The television is on, it's early, nothing is really happening but yet everything is changing. My heart randomly seems to stop, tears well up at nothing in particular. The last time I watched an inauguration was Clinton's with his promises and charm; what I remember was hope and Maya Angelou. Now I am glued to the television. I am moved and fearful.
"The people we are waiting for is us". That piece of Obama's message was just stated again and it was projected that it will be a theme in his speech. That would certainly echo Kennedy's "ask not what your country can do for you but what will you do for your country" theme. It is a far cry from Bush's style of engagement with this country. We will just leave it that.
This is a day I always hoped for, very much tied in my mind with the hope of a woman president for this country, since I was a child. Raised in a democratic household, an academic household, and a feminist household gave me a sense of the injustice in the world but also they somehow managed to cultivate my innate hopefulness in humanity. That hopefulness, my optimistic nature has been scoffed even by my father who said a number of times that I would outgrow what he called my naivete. I would like to think that I have not.
My mother's first political activism was campaigning for Kennedy even though she was not old enough to vote (one had to be 21 years old at that time). She felt so connected to him that she sent him a birth announcement when I was born. it is had for me to imagine, even today doing the same with any president. I suppose it was a different time, or perhaps it was more about how connected one can feel to a public figure. It is true that I feel like I could actually have a conversation with Obama, but my mother's act feels like a stretch and yet I can imagine people sending birth announcement to him as she did all those years ago. She also received a formal acknowledgement from the White House. It is postmarked 11 days before he was assassinated.

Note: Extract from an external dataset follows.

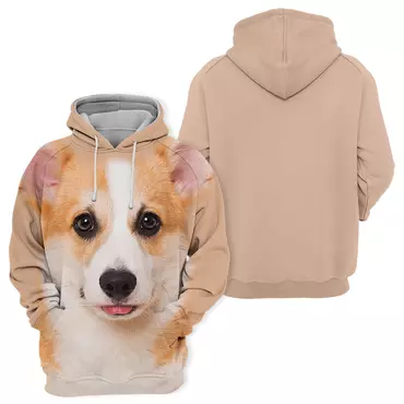 Features a captivating, **high-definition Welsh Corgi Dog** across the entire hoodie.

Growing up my parents marched for civil rights, the women's movement, and against the Vietnam War. I went to a number of these events, though I remember little of them I am certain that they contributed to who I am today. I have no conscious memory of King's or RKF's assisnations but they too shaped me as they were topics that ran our kitchen table. Vocal condemnations rang out again Nixon and his politics. When Shirley Chisholm was campaigning her image littered our home, buttons on labels, and words of hope whispered, shouted. Stories that though my grandfather was a white European, an escapee from Dachau, he was so dark (helped by lying in the sun at every opportunity) that he and my grandmother were refused service. Even looking not white enough left one vulnerable to prejudice.

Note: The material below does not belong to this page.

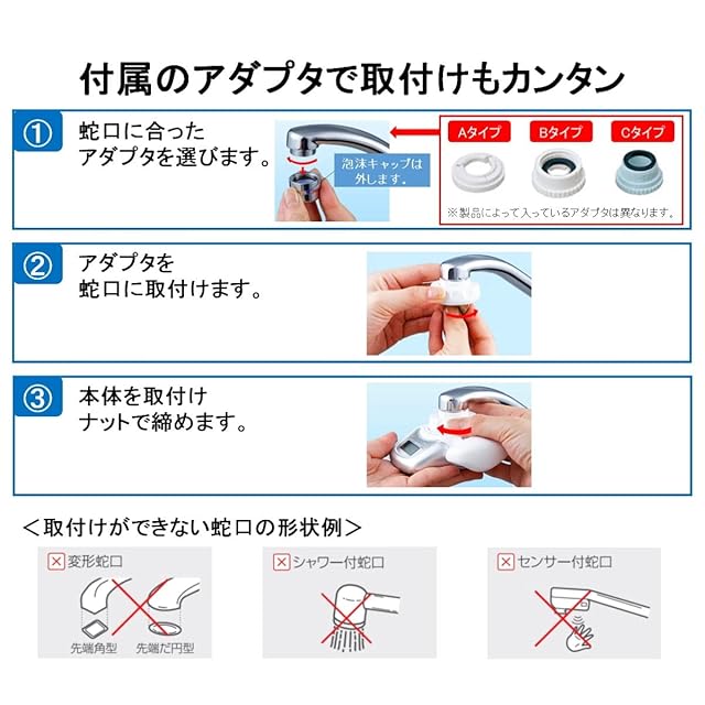 【洗える吐水カバーでいつでも清潔】水の出口である吐水口カバーが簡単に取り外し可能。外して洗えるので、いつでも清潔に保てます。【大きく見やすいデジタルサイン】浄水の使用残量を1L単位(目安)で表示するので、カートリッジの交換時期を忘れず安心。無駄なくカートリッジを交換できます。

Today we have an African-American president. How did we get here? I don't actually know the answer, on a really deep profound level. I really don't. I am awed that we are but I also do not think this changes everything. Not even close but what a start to the potential new world. Now my heart has regulated, the tears have stopped (mostly), and my breathing is easier (again, mostly) because he is now officially our president and it does change everything regardless what happens next.